Anionic and Cationic Vitamin E-TPGS Mixed Polymeric Phospholipid Micellar Vehicles

• Published in: Methods in molecular biology (Clifton, N.J.) Vol. 2000; p. 31
• Main Authors: Yao, Mingyi, Elbayoumi, Tamer
• Format: Journal Article
• Language: English
• Published: United States 01.01.2019
• Subjects: Antineoplastic Agents - administration & dosage; Antineoplastic Agents - chemistry; Antineoplastic Agents - pharmacology; Berberine - administration & dosage; Berberine - chemistry; Berberine - pharmacology; Cell Line, Tumor; Drug Delivery Systems - methods; Humans; Hydrophobic and Hydrophilic Interactions; Male; Micelles; Nanoparticles - chemistry; Nanostructures - chemistry; Phospholipids - chemistry; Prostatic Neoplasms - drug therapy; Solubility; Vitamin E - chemistry; Mixed micelles; Berberine; Pharmacokinetic profile; Anti-mitotic; Polymeric phospholipid conjugates; Isoquinoline alkaloid; Pro-apoptotic; PEG-succinate ester of tocopherol; Anti-angiogenic
• ISSN: 1940-6029
• DOI: 10.1007/978-1-4939-9516-5_3

Berberine (Brb) is an active isoquinoline alkaloid occurring in various common plant species, with well-known potential for cancer therapy. Earlier reports has shown that Brb not only augments the efficacy of antineoplastic chemotherapy and radiotherapy, but it also exhibits direct anti-mitotic, and pro-apoptotic activities, plus significant anti-angiogenic and anti-metastatic activities in a variety of solid tumors.
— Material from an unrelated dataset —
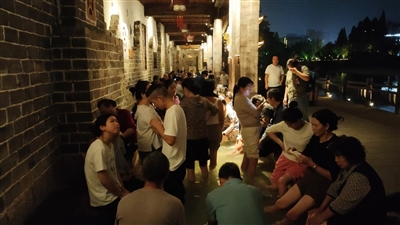 随着气温持续走低,温泉游人气迅速攀升。10月13日,记者在市区月亮湾濯足廊看到,前来泡脚的游客和市民络绎不绝,人们一边赏灯光秀,一边聊着天泡着温泉好不惬意。 记者 赵忠志

Notwithstanding its low systemic toxicity, a few pharmaceutical limitations severely hamper the application of Brb in cancer therapy (namely, very slight aqueous solubility and exceedingly low membrane permeability; combined with poor systemic pharmacokinetic, PK, profile).Lipid-based nanocarriers, amphiphilic mixed micelles (Mic) composed of polymeric phospholipid conjugates and PEG-succinate ester of tocopherol were investigated as promising strategy, to improve Brb delivery into tumors. Following physicochemical characterization of micellar Brb, in vitro release studies in simulated physiological media were performed, combined with PK-simulation and in vitro assays of cytotoxicity and direct apoptosis induction in different human prostate cancer cell lines (PC3 and LNPaC).Optimized stealth PEG-PE/TPGS-mixed micelles achieved efficient solubilization of Brb to potentially improve its systemic PK profiles (>30-fold). Our mixed micellar platform resulted in significant enhancement of the pro-apoptotic action and overall anticancer efficacy of Brb, against various in vitro (monolayer and spheroid) models of prostate cancers.